* [The data]

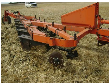
Figure 1. Non-inversion subsoil tillage implement called a Paraplow in operation

Paraplowing is a form of non-inversion subsoiling sought after by producers for its effectiveness at loosening soil structure without compromising the soil conservation practices that are already employed on the farm. Soil structure can be a limitation to crop production in irrigated cropping systems (Grevers and de Jong, 1992). Soil structure has implications on water infiltration, storage, and runoff from the soil surface. Modifying the soil structure by mechanical means can be effective in loosening soil structure. Creating a soil environment with fewer limitations for plant growth. This study aims to evaluate a subsoiling using a Paraplow, a bent leg subsoiler producer by Howard Rotovator. Observing how it modifies the soil structure by looking at soil bulk density, moisture content, and crop response to determine if there economic benefit to subsoiling in Saskatchewan.
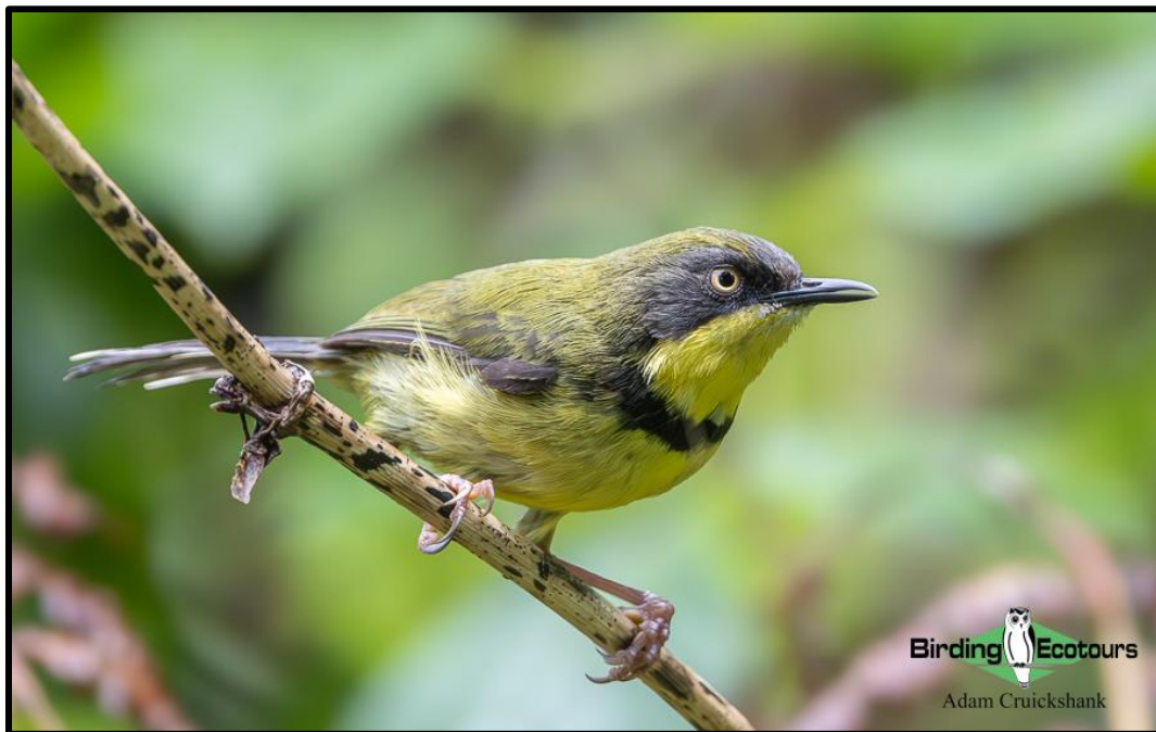
Yellow-throated Apalis is Malawi's only endemic bird, and should be seen around Zomba.

Our comprehensive tour covers the length of Malawi, taking in all the necessary and key localities needed to ensure we have a chance of finding all the country's many specials. Additionally, several of the excellent National Parks we visit also host almost all of Africa's megafauna – of which such characteristic species as African Elephant and Hippopotamus should easily be seen.
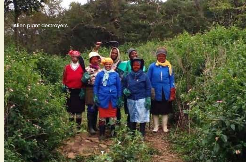
Alien plant destroyers

* [Activity] No picture belongs in the answer, but every word of the records above does, exactly as given.

* [Result of the task]
Figure 1. Non-inversion subsoil tillage implement called a Paraplow in operation

Paraplowing is a form of non-inversion subsoiling sought after by producers for its effectiveness at loosening soil structure without compromising the soil conservation practices that are already employed on the farm. Soil structure can be a limitation to crop production in irrigated cropping systems (Grevers and de Jong, 1992). Soil structure has implications on water infiltration, storage, and runoff from the soil surface. Modifying the soil structure by mechanical means can be effective in loosening soil structure. Creating a soil environment with fewer limitations for plant growth. This study aims to evaluate a subsoiling using a Paraplow, a bent leg subsoiler producer by Howard Rotovator. Observing how it modifies the soil structure by looking at soil bulk density, moisture content, and crop response to determine if there economic benefit to subsoiling in Saskatchewan.
Yellow-throated Apalis is Malawi's only endemic bird, and should be seen around Zomba.

Our comprehensive tour covers the length of Malawi, taking in all the necessary and key localities needed to ensure we have a chance of finding all the country's many specials. Additionally, several of the excellent National Parks we visit also host almost all of Africa's megafauna – of which such characteristic species as African Elephant and Hippopotamus should easily be seen.
Alien plant destroyers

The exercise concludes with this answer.